● Task directions: Drop the pictures and repeat the remaining data exactly.

● Information shown:
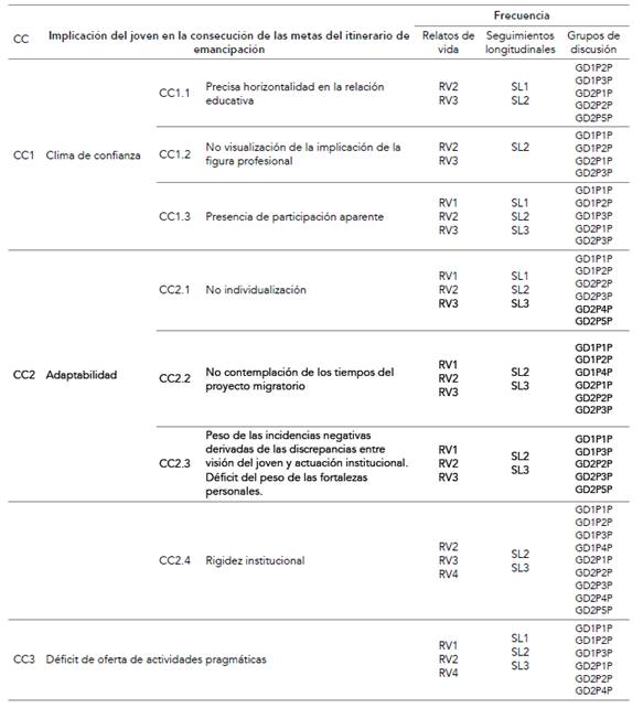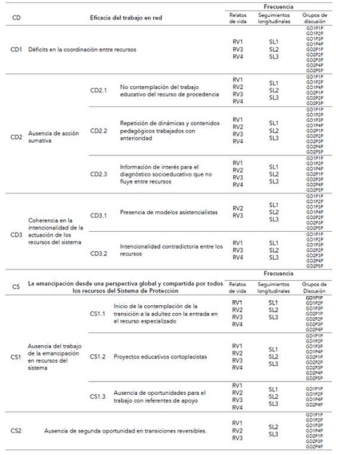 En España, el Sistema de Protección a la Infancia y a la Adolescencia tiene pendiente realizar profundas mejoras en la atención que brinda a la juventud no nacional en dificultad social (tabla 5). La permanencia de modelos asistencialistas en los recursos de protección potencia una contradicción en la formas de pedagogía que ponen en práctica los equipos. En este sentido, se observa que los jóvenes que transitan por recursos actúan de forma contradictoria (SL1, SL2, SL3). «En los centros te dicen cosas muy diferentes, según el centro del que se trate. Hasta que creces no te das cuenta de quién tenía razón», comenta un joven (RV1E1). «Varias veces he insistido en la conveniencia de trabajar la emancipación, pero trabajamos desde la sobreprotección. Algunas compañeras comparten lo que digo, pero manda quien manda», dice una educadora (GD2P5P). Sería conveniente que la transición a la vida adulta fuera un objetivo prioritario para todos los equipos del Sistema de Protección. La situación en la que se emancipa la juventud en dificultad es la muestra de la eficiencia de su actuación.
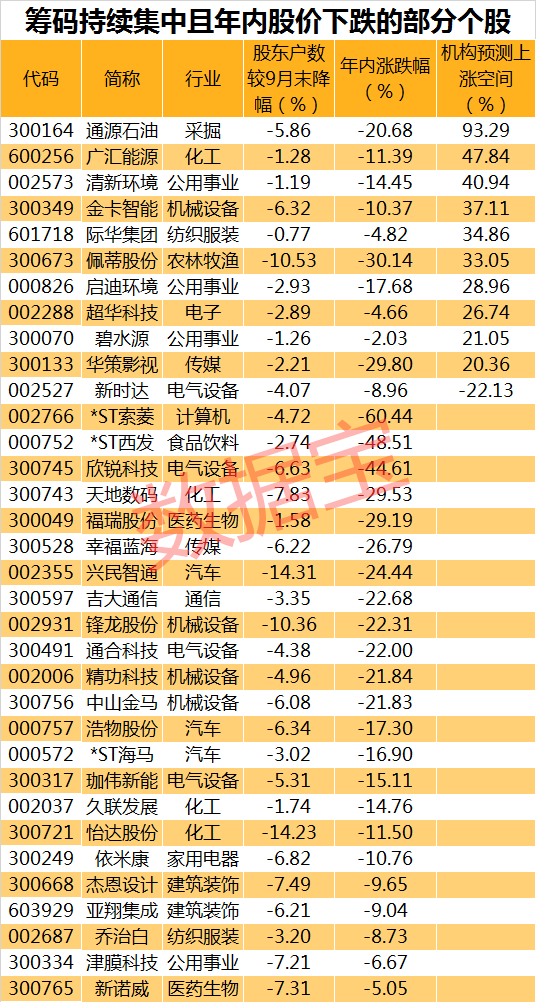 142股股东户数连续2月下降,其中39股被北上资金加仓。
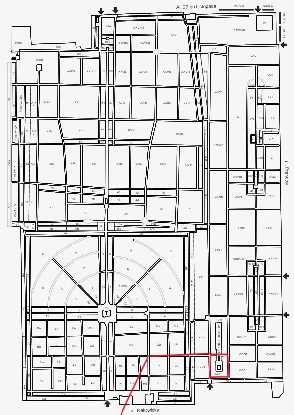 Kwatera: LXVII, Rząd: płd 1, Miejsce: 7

● Exercise response:
 En España, el Sistema de Protección a la Infancia y a la Adolescencia tiene pendiente realizar profundas mejoras en la atención que brinda a la juventud no nacional en dificultad social (tabla 5). La permanencia de modelos asistencialistas en los recursos de protección potencia una contradicción en la formas de pedagogía que ponen en práctica los equipos. En este sentido, se observa que los jóvenes que transitan por recursos actúan de forma contradictoria (SL1, SL2, SL3). «En los centros te dicen cosas muy diferentes, según el centro del que se trate. Hasta que creces no te das cuenta de quién tenía razón», comenta un joven (RV1E1). «Varias veces he insistido en la conveniencia de trabajar la emancipación, pero trabajamos desde la sobreprotección. Algunas compañeras comparten lo que digo, pero manda quien manda», dice una educadora (GD2P5P). Sería conveniente que la transición a la vida adulta fuera un objetivo prioritario para todos los equipos del Sistema de Protección. La situación en la que se emancipa la juventud en dificultad es la muestra de la eficiencia de su actuación.
 142股股东户数连续2月下降,其中39股被北上资金加仓。
 Kwatera: LXVII, Rząd: płd 1, Miejsce: 7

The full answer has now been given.